#### [PROBLEM REQUIREMENTS]
Retype every line from the start of the entries below down to the line with "Betreff: WG: Grillplatzverordnung", both ends included; skip the pictures.

Data entries

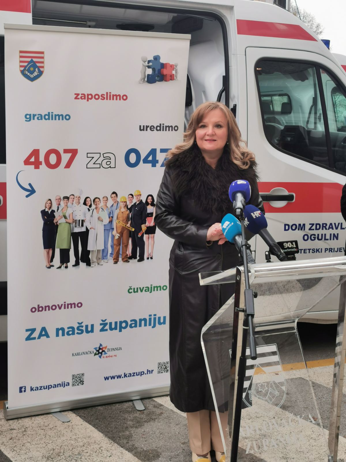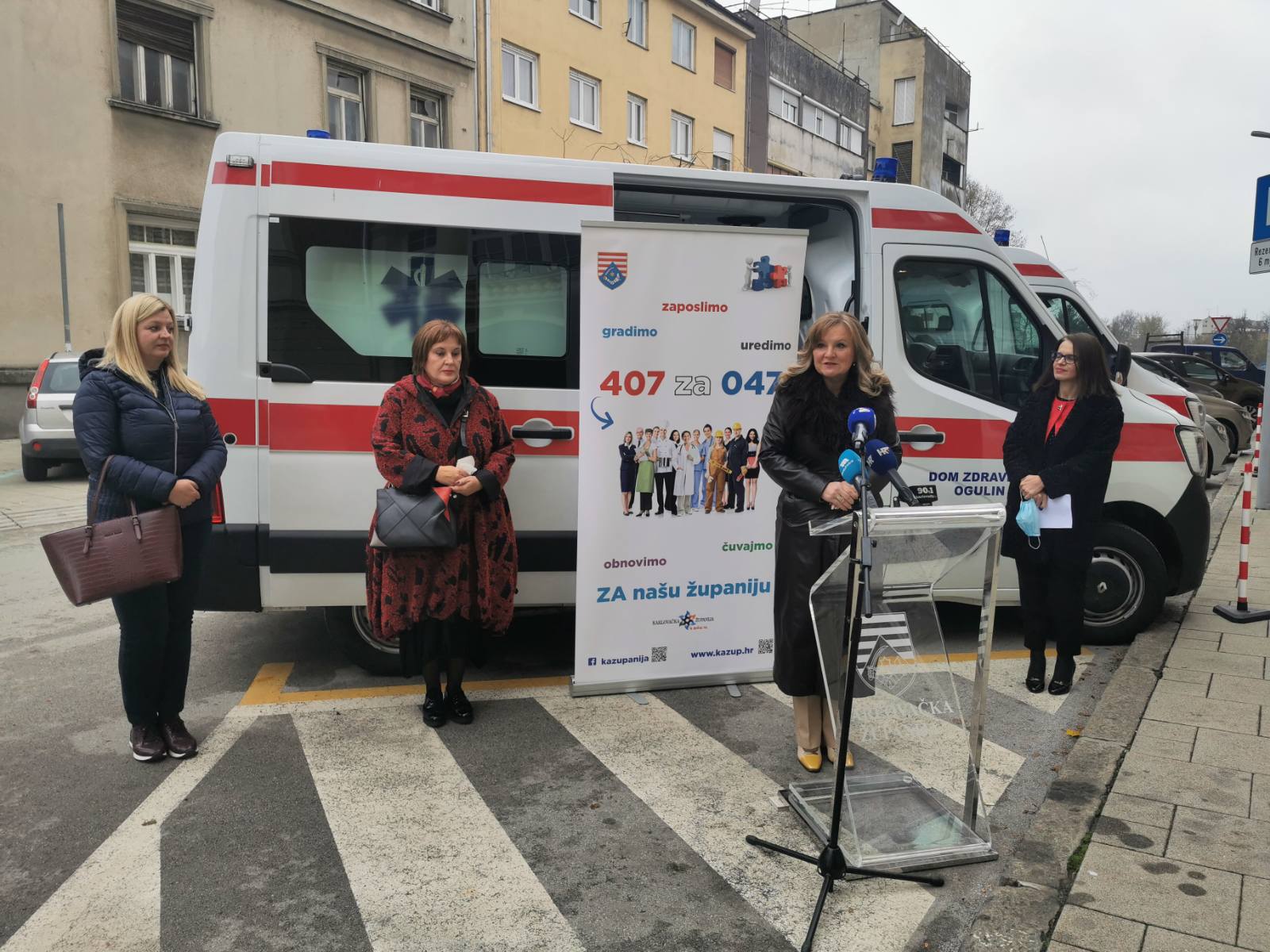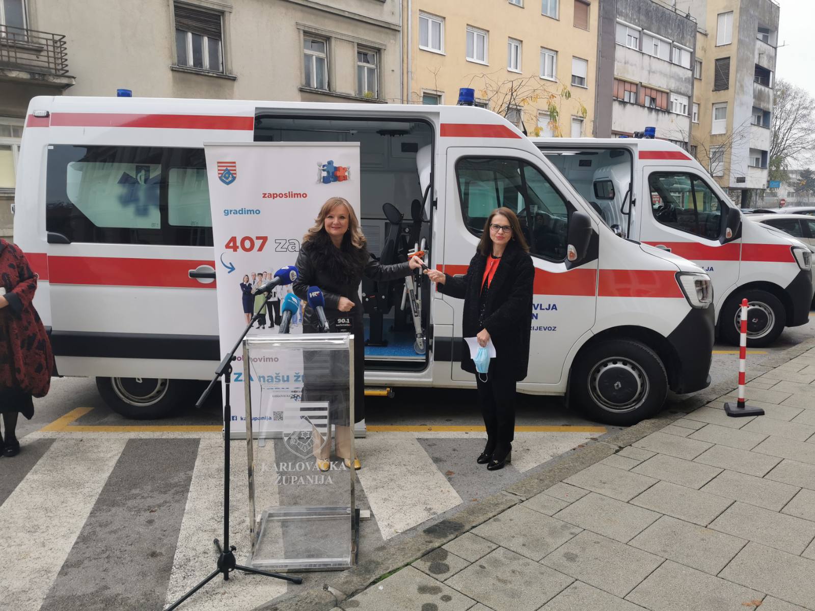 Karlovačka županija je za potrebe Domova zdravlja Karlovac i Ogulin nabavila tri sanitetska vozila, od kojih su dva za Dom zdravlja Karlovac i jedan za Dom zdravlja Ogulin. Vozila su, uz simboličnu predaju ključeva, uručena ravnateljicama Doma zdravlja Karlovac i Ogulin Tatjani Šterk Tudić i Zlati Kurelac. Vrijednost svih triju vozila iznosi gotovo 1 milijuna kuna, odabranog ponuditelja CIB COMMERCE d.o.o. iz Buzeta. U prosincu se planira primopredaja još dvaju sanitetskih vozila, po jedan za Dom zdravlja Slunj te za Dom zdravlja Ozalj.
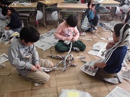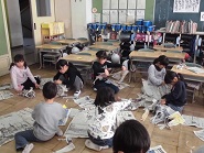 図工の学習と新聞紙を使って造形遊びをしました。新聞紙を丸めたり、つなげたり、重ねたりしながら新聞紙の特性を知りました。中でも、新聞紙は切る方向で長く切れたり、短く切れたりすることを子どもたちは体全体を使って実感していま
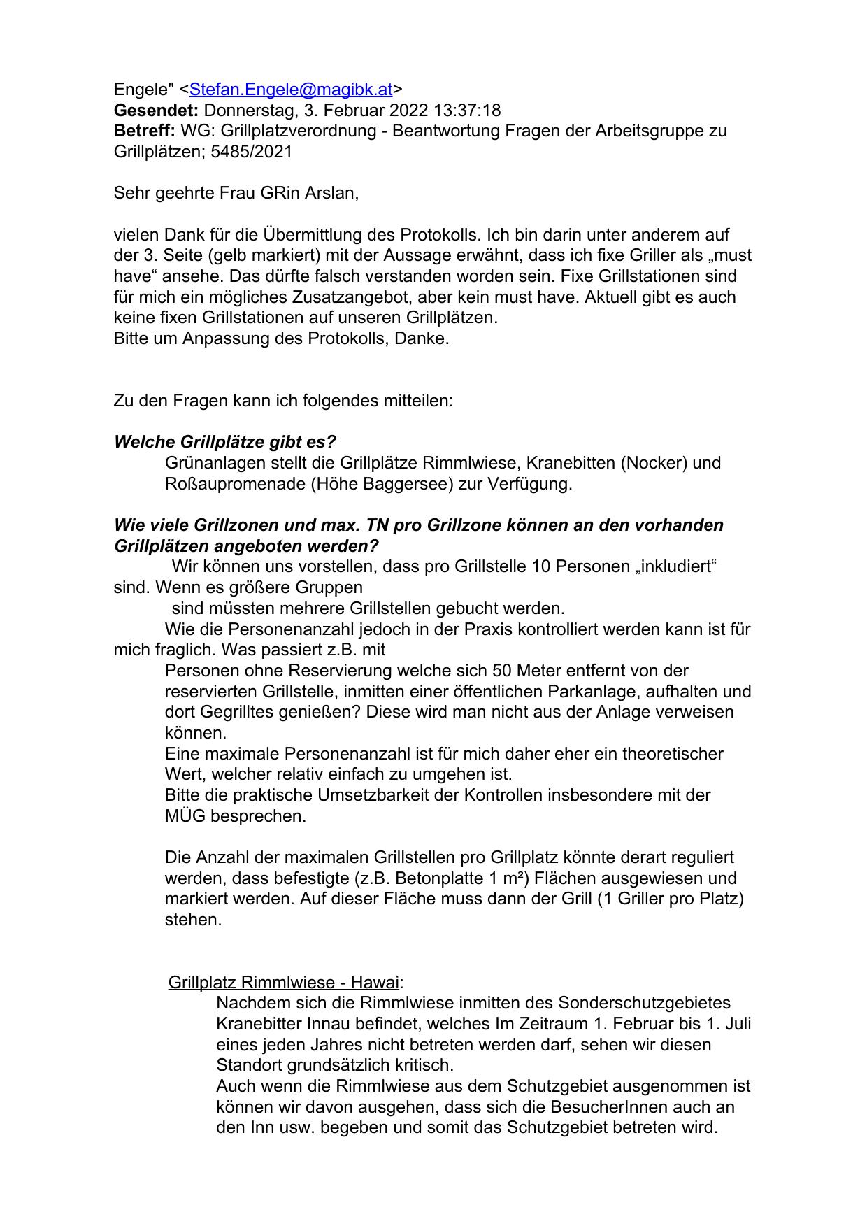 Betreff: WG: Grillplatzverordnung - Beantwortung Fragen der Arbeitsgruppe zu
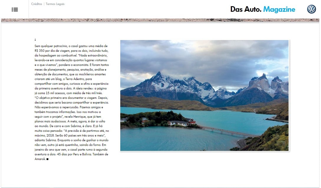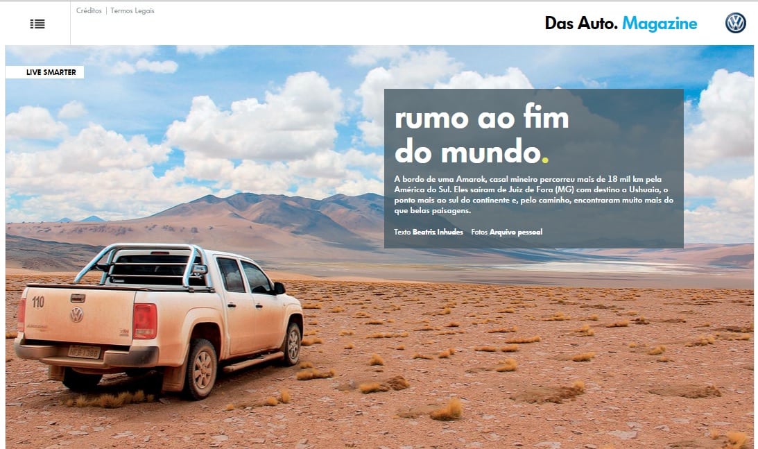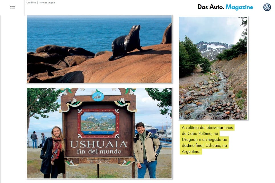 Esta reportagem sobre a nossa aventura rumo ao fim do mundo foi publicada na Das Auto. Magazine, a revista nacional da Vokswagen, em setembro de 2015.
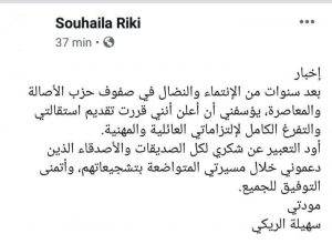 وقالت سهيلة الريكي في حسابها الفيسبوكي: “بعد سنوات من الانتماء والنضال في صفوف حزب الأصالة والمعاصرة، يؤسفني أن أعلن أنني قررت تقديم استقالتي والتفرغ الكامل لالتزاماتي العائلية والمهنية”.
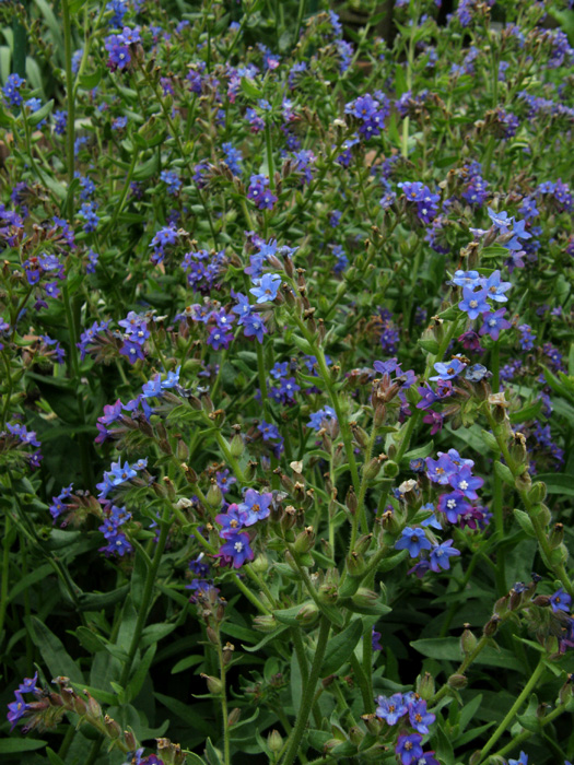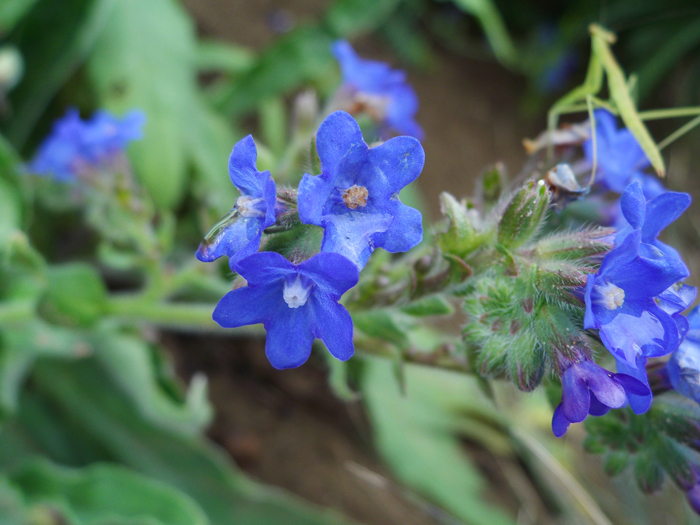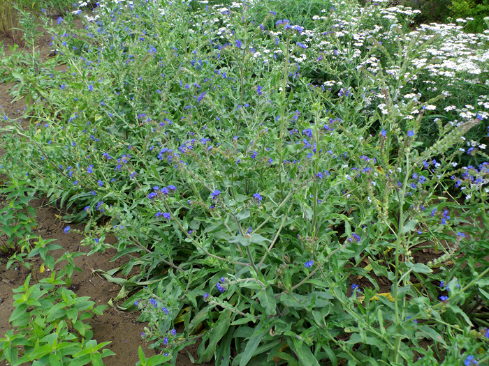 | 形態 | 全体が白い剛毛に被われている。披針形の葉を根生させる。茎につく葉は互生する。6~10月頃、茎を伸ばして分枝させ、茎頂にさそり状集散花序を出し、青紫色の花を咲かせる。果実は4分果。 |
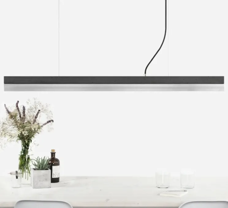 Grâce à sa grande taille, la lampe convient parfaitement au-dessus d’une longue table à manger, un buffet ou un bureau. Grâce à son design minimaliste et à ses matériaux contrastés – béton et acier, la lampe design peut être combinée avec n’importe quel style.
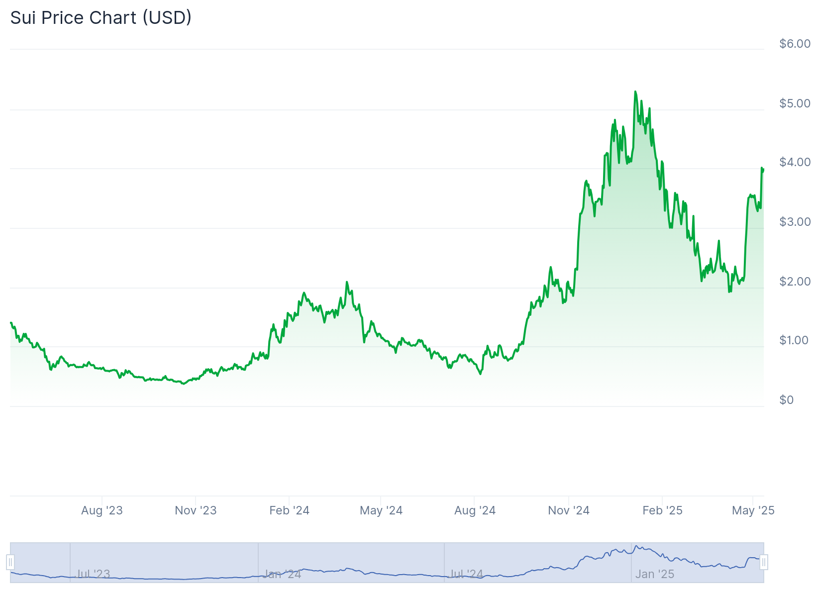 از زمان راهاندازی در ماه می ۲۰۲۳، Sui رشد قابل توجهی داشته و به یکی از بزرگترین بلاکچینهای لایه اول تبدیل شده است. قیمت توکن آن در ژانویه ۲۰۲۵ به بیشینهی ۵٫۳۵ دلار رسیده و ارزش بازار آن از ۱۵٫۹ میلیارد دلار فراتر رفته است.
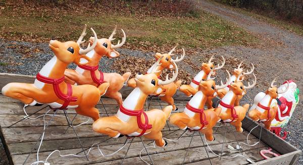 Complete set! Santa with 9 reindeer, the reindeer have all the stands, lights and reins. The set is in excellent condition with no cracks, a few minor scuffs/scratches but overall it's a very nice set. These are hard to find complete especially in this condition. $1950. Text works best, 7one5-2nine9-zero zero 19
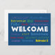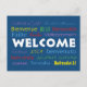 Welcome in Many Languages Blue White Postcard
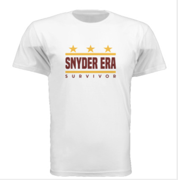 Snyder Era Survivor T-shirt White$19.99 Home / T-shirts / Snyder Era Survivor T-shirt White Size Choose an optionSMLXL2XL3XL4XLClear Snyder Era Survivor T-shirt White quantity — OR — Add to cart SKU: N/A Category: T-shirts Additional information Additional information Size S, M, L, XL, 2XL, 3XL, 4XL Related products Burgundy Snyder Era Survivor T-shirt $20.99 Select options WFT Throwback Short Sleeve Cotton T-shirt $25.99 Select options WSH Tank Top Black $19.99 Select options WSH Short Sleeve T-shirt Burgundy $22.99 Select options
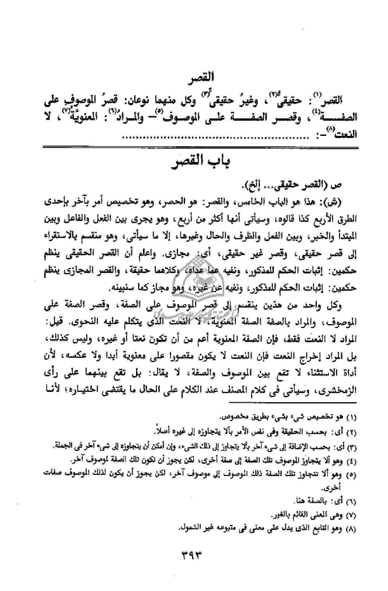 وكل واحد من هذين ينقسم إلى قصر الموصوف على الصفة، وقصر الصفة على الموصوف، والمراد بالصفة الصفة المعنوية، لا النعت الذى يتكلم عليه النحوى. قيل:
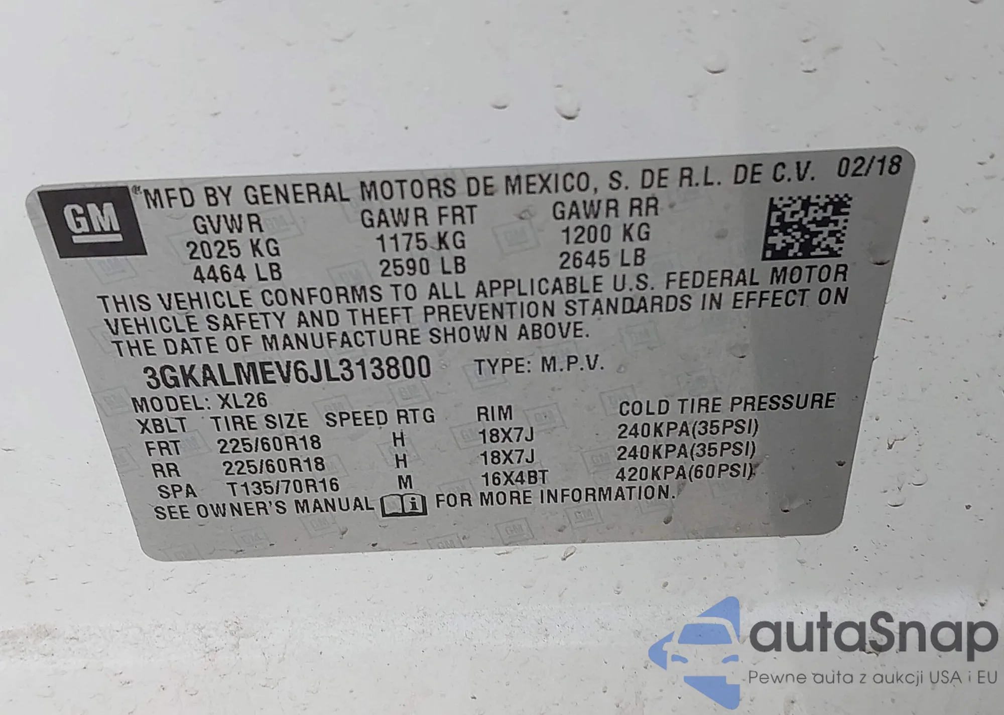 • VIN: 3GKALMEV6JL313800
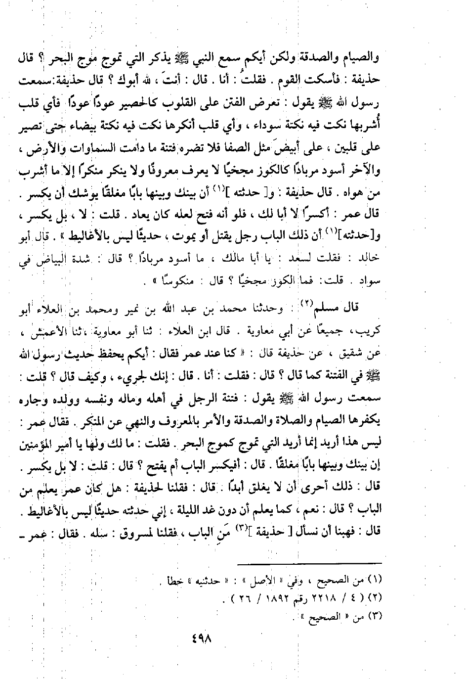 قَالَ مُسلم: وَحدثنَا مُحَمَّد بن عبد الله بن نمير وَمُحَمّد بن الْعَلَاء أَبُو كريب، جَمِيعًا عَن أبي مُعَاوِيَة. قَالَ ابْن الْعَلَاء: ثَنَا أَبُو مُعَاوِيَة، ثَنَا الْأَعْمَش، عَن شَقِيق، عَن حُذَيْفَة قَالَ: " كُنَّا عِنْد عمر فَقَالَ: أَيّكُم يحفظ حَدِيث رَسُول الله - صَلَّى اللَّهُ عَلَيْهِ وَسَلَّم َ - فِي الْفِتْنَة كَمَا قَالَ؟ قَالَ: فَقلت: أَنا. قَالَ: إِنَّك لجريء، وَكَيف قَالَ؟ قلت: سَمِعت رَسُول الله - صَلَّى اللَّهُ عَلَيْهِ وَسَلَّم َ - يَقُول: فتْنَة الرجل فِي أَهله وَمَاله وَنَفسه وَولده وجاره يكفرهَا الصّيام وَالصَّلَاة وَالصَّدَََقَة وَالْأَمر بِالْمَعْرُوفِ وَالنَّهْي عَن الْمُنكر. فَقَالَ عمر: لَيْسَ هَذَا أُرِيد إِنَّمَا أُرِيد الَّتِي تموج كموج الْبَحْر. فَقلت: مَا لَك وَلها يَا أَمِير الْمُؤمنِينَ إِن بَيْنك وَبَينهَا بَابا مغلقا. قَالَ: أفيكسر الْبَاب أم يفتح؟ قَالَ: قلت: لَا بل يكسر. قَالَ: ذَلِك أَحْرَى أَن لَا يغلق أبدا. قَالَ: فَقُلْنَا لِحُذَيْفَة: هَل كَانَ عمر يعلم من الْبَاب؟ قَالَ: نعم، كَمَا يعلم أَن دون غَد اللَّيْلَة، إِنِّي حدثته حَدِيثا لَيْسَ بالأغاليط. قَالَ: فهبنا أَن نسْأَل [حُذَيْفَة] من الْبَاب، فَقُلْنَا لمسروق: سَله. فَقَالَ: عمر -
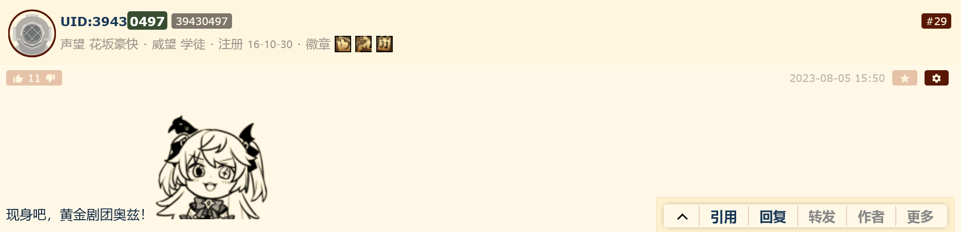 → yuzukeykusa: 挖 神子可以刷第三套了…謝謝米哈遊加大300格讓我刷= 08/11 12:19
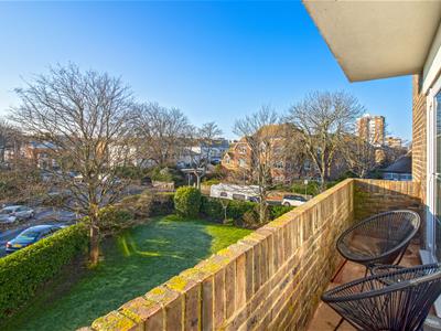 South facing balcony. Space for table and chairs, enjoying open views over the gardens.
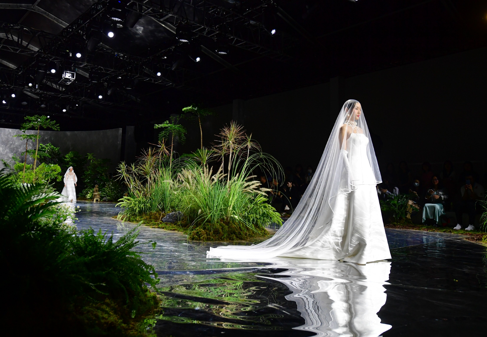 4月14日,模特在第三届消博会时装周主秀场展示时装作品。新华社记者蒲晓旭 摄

#### [RESPONSE]
 Karlovačka županija je za potrebe Domova zdravlja Karlovac i Ogulin nabavila tri sanitetska vozila, od kojih su dva za Dom zdravlja Karlovac i jedan za Dom zdravlja Ogulin. Vozila su, uz simboličnu predaju ključeva, uručena ravnateljicama Doma zdravlja Karlovac i Ogulin Tatjani Šterk Tudić i Zlati Kurelac. Vrijednost svih triju vozila iznosi gotovo 1 milijuna kuna, odabranog ponuditelja CIB COMMERCE d.o.o. iz Buzeta. U prosincu se planira primopredaja još dvaju sanitetskih vozila, po jedan za Dom zdravlja Slunj te za Dom zdravlja Ozalj.
 図工の学習と新聞紙を使って造形遊びをしました。新聞紙を丸めたり、つなげたり、重ねたりしながら新聞紙の特性を知りました。中でも、新聞紙は切る方向で長く切れたり、短く切れたりすることを子どもたちは体全体を使って実感していま
 Betreff: WG: Grillplatzverordnung - Beantwortung Fragen der Arbeitsgruppe zu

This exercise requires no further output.